- GIVEN MATERIAL

= Beginning of Section =

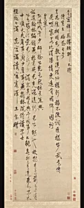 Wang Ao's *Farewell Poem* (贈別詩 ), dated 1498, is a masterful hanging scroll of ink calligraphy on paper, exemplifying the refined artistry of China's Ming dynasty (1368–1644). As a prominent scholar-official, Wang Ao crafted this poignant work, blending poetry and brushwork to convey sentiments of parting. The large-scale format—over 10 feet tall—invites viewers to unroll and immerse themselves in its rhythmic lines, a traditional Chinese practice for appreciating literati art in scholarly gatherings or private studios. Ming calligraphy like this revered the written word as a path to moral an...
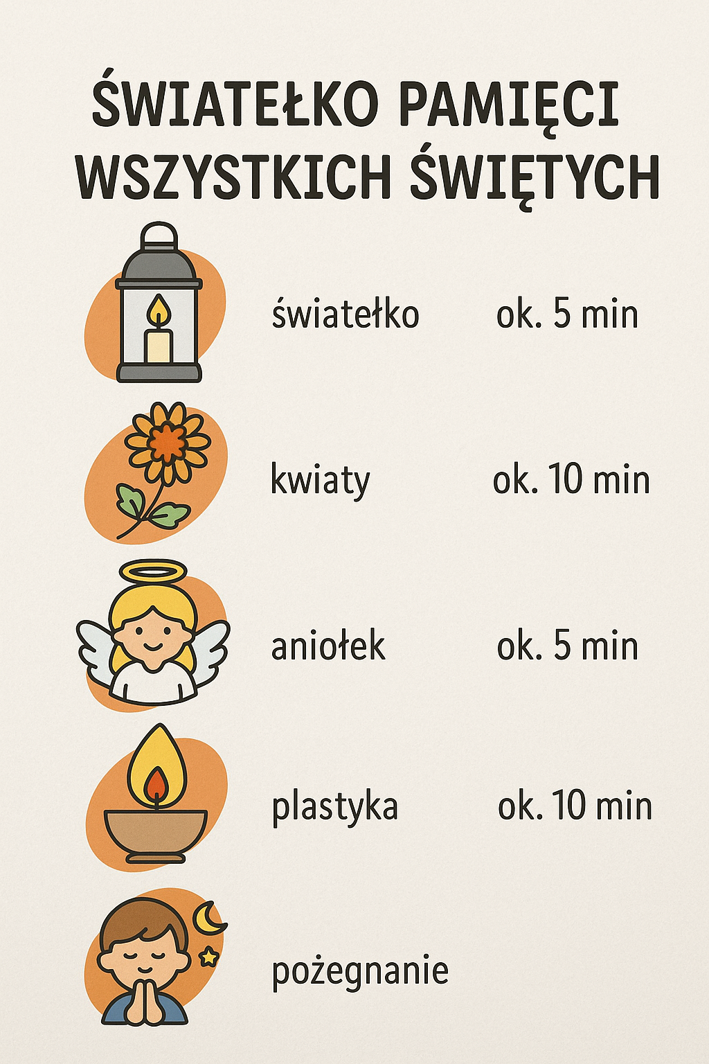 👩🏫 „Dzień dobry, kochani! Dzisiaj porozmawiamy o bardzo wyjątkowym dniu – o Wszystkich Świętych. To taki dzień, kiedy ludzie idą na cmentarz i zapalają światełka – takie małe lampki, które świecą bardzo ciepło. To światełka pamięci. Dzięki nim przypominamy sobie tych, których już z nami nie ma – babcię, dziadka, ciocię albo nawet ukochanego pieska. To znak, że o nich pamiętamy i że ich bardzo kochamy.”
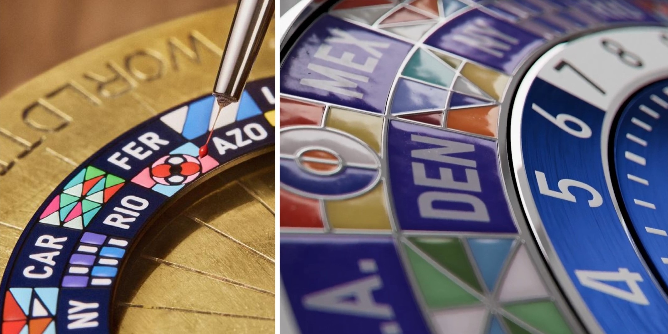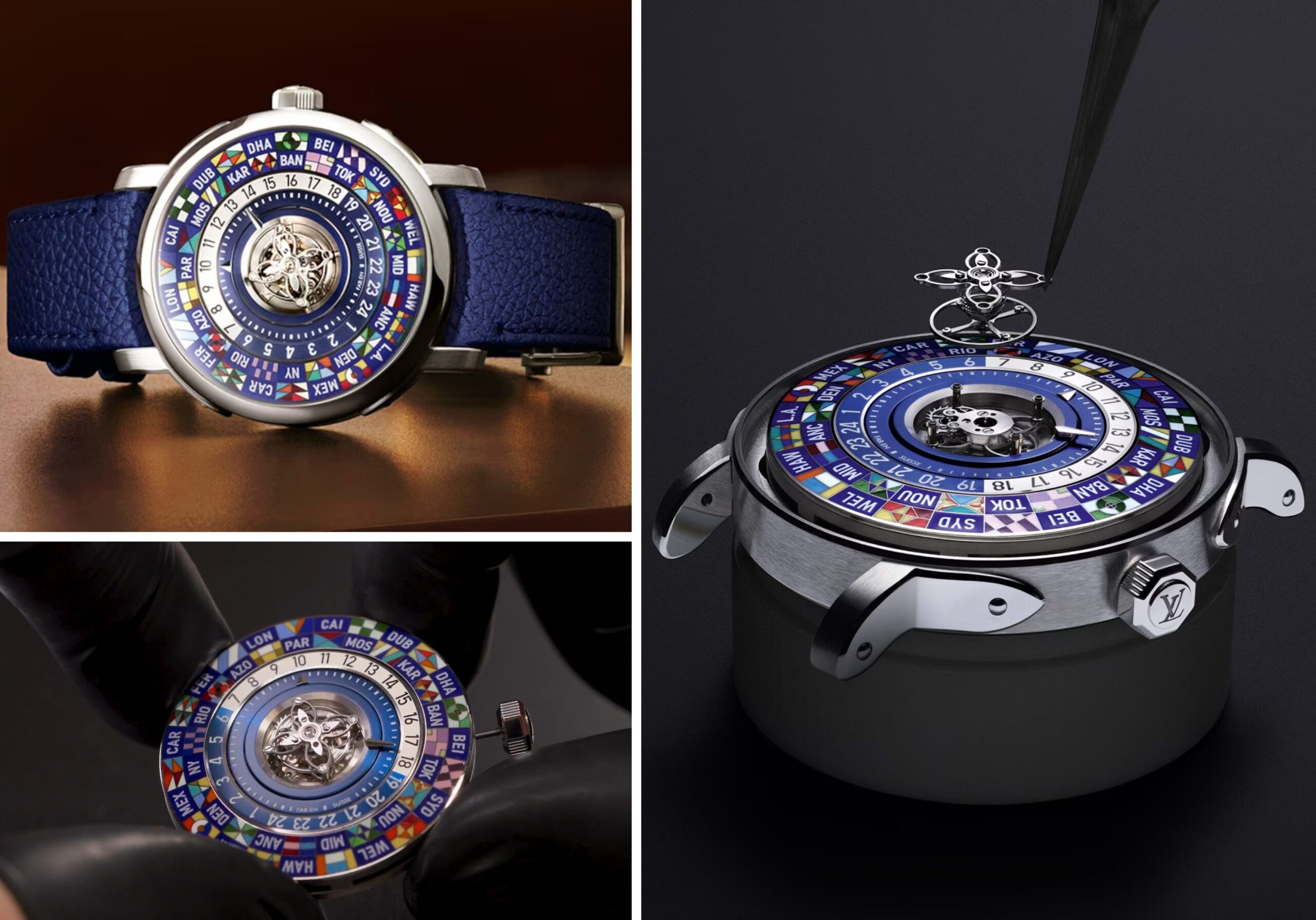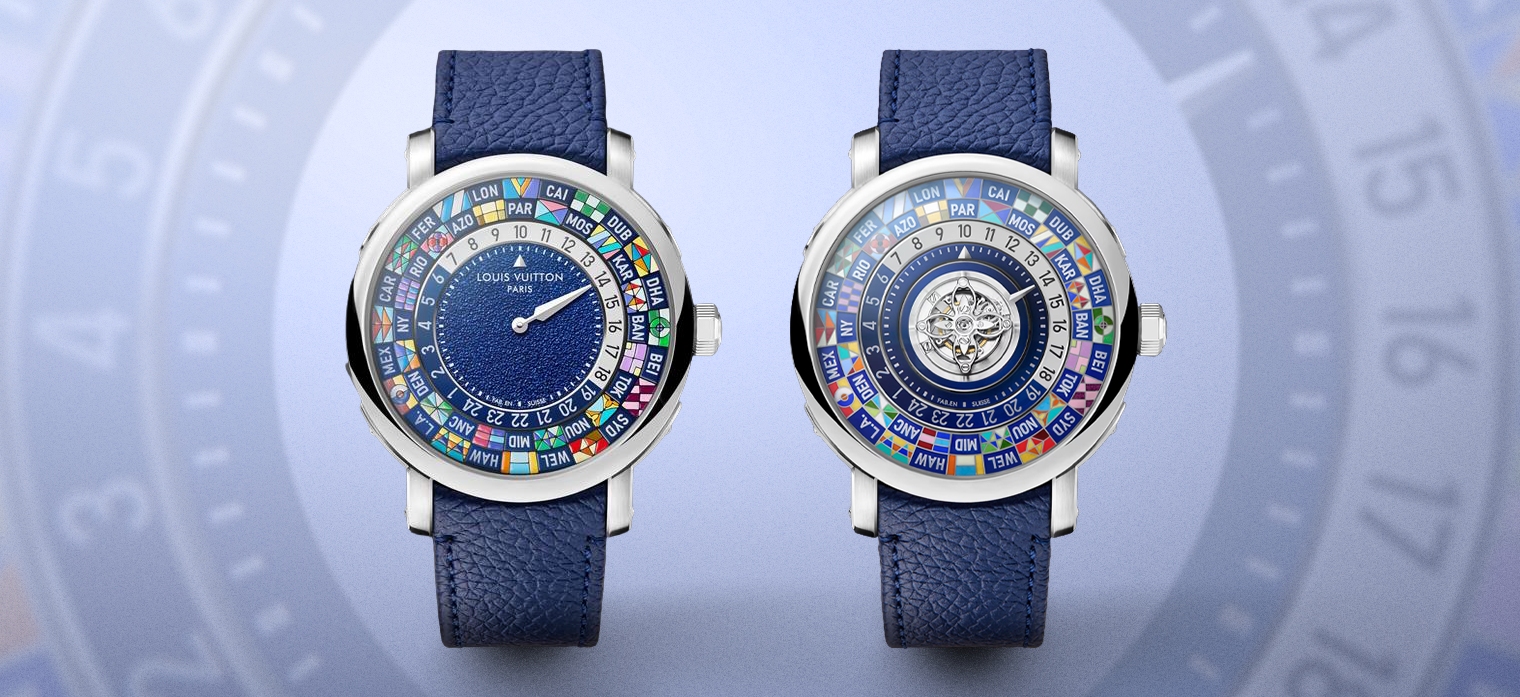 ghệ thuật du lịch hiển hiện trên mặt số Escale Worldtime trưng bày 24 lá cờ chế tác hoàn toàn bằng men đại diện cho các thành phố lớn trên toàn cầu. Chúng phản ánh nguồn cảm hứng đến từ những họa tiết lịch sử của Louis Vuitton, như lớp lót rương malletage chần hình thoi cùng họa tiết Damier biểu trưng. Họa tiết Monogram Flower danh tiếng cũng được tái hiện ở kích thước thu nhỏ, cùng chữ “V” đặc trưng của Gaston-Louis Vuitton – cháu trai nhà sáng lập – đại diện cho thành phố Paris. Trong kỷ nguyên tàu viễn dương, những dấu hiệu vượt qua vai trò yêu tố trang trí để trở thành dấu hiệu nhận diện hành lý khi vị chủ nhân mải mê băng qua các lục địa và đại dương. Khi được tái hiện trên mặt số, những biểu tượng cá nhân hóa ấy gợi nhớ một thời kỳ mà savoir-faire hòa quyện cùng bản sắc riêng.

= End of Section =

- WHAT IS BEING ASKED
Reproduce the listing exactly, but keep its images out of the copy.

- ANSWER SECTION
 Wang Ao's *Farewell Poem* (贈別詩 ), dated 1498, is a masterful hanging scroll of ink calligraphy on paper, exemplifying the refined artistry of China's Ming dynasty (1368–1644). As a prominent scholar-official, Wang Ao crafted this poignant work, blending poetry and brushwork to convey sentiments of parting. The large-scale format—over 10 feet tall—invites viewers to unroll and immerse themselves in its rhythmic lines, a traditional Chinese practice for appreciating literati art in scholarly gatherings or private studios. Ming calligraphy like this revered the written word as a path to moral an...
 👩🏫 „Dzień dobry, kochani! Dzisiaj porozmawiamy o bardzo wyjątkowym dniu – o Wszystkich Świętych. To taki dzień, kiedy ludzie idą na cmentarz i zapalają światełka – takie małe lampki, które świecą bardzo ciepło. To światełka pamięci. Dzięki nim przypominamy sobie tych, których już z nami nie ma – babcię, dziadka, ciocię albo nawet ukochanego pieska. To znak, że o nich pamiętamy i że ich bardzo kochamy.”
 ghệ thuật du lịch hiển hiện trên mặt số Escale Worldtime trưng bày 24 lá cờ chế tác hoàn toàn bằng men đại diện cho các thành phố lớn trên toàn cầu. Chúng phản ánh nguồn cảm hứng đến từ những họa tiết lịch sử của Louis Vuitton, như lớp lót rương malletage chần hình thoi cùng họa tiết Damier biểu trưng. Họa tiết Monogram Flower danh tiếng cũng được tái hiện ở kích thước thu nhỏ, cùng chữ “V” đặc trưng của Gaston-Louis Vuitton – cháu trai nhà sáng lập – đại diện cho thành phố Paris. Trong kỷ nguyên tàu viễn dương, những dấu hiệu vượt qua vai trò yêu tố trang trí để trở thành dấu hiệu nhận diện hành lý khi vị chủ nhân mải mê băng qua các lục địa và đại dương. Khi được tái hiện trên mặt số, những biểu tượng cá nhân hóa ấy gợi nhớ một thời kỳ mà savoir-faire hòa quyện cùng bản sắc riêng.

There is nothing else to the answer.